1.2. De rechtbank heeft het beroep op 15 juli 2025 op zitting behandeld. Hieraan hebben deelgenomen: [referent] (referent), mr. D.N. Imminga als waarnemer van de gemachtigde van eiseres, dhr. Sareen als tolk en de gemachtigde van de minister.
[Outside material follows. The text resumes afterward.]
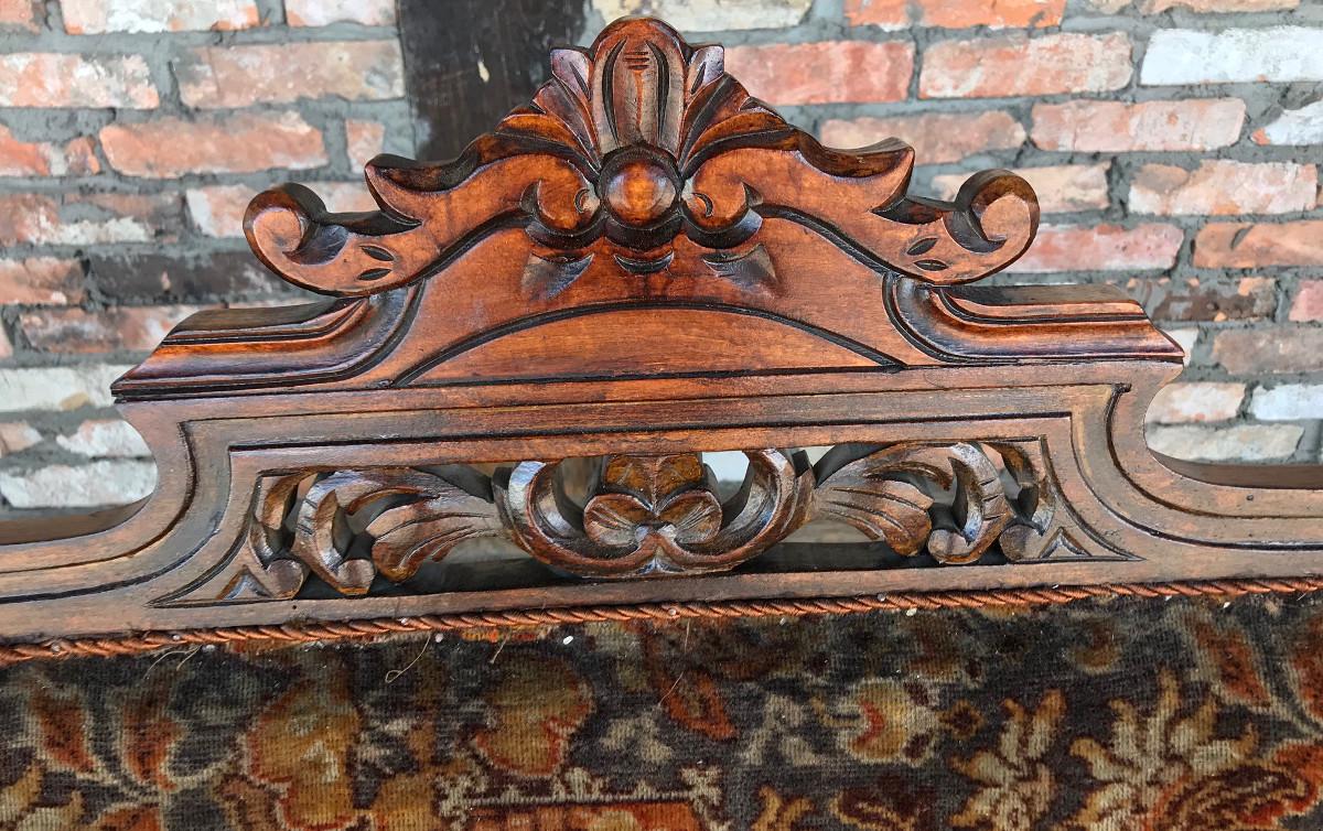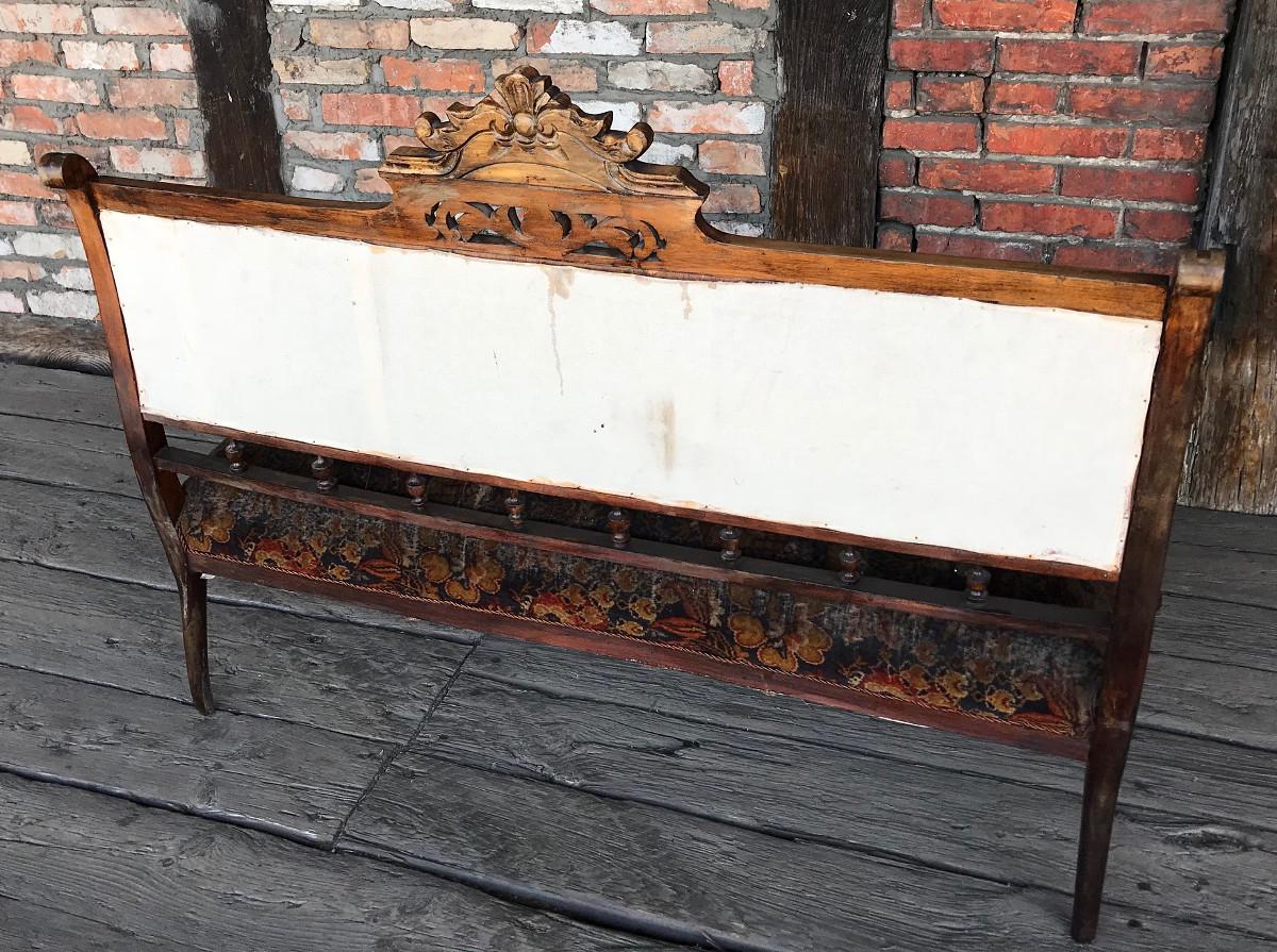 Ładna sofka eklektyczna. Mebel oryginalny, z epoki (koniec XIX wieku).. Stelaż typowy dla stylu - nogi i oparcia w formie toczonych tralek, piękne zwieńczenie oparcia.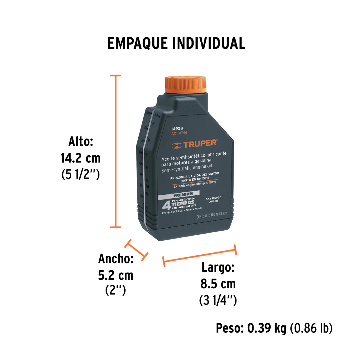 El Aceite Semi-Sint 1/2Lt Act-4T-16 Truper es un lubricante de alta calidad diseñado para motores de cuatro tiempos. Este aceite semi-sintético ofrece una excelente protección contra el desgaste y la corrosión, lo que prolonga la vida útil del motor. Además, su fórmula especial reduce la formación de depósitos y mantiene el motor limpio. Este aceite es compatible con una amplia gama de motores de cuatro tiempos, incluyendo motocicletas, cortadoras de césped, generadores y más. Con su presentación en envase de medio litro, es fácil de almacenar y transportar. El Aceite Semi-Sint 1/2Lt Act-4T-16 Truper es una excelente opción para mantener su motor en óptimas condiciones.

Beoordeling door de rechtbank
-
De rechtbank beoordeelt de afwijzing van de mvv-aanvraag. Zij doet dat aan de hand van de beroepsgronden van eiseres.
-
De rechtbank komt tot het oordeel dat het beroep gegrond is, maar dat de rechtsgevolgen van het bestreden besluit in stand blijven. Dat betekent dat de afwijzing van de mvv-aanvraag in stand blijft. Hierna legt de rechtbank uit hoe zij tot dit oordeel komt.
Waar gaat deze zaak over?
-
Eiseres is geboren op [2003] en heeft de Pakistaanse nationaliteit. Zij is de verloofde van referent, en verblijft op dit moment in Pakistan. Referent is geboren op [1993] en heeft ook de Pakistaanse nationaliteit. Aan hem is een verblijfsvergunning asiel voor bepaalde tijd verleend. Referent heeft op 13 mei 2022 een aanvraag voor een mvv ingediend, met als doel dat eiseres bij hem in Nederland zou kunnen verblijven.
-
De minister heeft de aanvraag afgewezen, omdat eiseres minderjarig was op 26 juni 2021, het moment dat referent Nederland inreisde (het peilmoment). Uit artikel 29, tweede lid, van de Vw volgt dat er in zo’n geval geen verblijf wordt toegestaan. Volgens de minister is dat niet in strijd met de Gezinsherenigingsrichtlijn (Gri, Richtlijn 2003/86/EG). Er hoeft daarom ook geen individuele afweging plaats te vinden. Verder is het niet relevant dat eiseres ten tijde van het primaire besluit wel meerderjarig was. Uit de uitspraak van de Afdeling bestuursrechtspraak van de Raad van State (Afdeling) van 15 maart 2021, ECLI:NL:RVS:2021:533, r.o. 3.3. volgt namelijk dat het Haags Huwelijksverdrag en de Wet tegengaan huwelijksdwang niet op partnerschapsrelaties van toepassing zijn, waardoor er voor de minister geen verplichting bestaat om een partnerschapsrelatie met terugwerkende kracht te erkennen zodra niet langer sprake is van minderjarigheid (wat bij huwelijken wel het geval is). De minister stelt zich verder op het standpunt dat niet ambtshalve getoetst hoeft te worden of eiseres in aanmerking komt voor een verblijfsvergunning op grond van artikel 8 van het Verdrag tot bescherming van de rechten van de mens en de fundamentele vrijheden (EVRM). De minister verwijst daartoe naar het Informatiebericht 2024/7.
-
Eiseres voert aan dat uit artikel 17 van de Gri volgt dat de minister een individuele beoordeling moet maken. De minister heeft dat ten onrechte niet gedaan. Volgens eiseres is een individuele beoordeling ook in lijn met het doel van de Gri, namelijk gezinshereniging mogelijk te maken. Daarbij heeft de wetgever ervoor gekozen om een lagere leeftijdseis te stellen (18 in plaats van 21 jaar), gelet op de (vaak) onveilige situatie voor nareizigers.
-
De rechtbank overweegt als volgt. In artikel 17 van de Gri staat: "In geval van afwijzing van een verzoek, intrekking of niet-verlenging van een verblijfstitel, alsmede in geval van een verwijderingsmaatregel tegen de gezinshereniger of leden van diens gezin houden de lidstaten terdege rekening met de aard en de hechtheid van de gezinsband van de betrokken persoon en met de duur van zijn verblijf in de lidstaat, alsmede met het bestaan van familiebanden of culturele of sociale banden met zijn land van herkomst."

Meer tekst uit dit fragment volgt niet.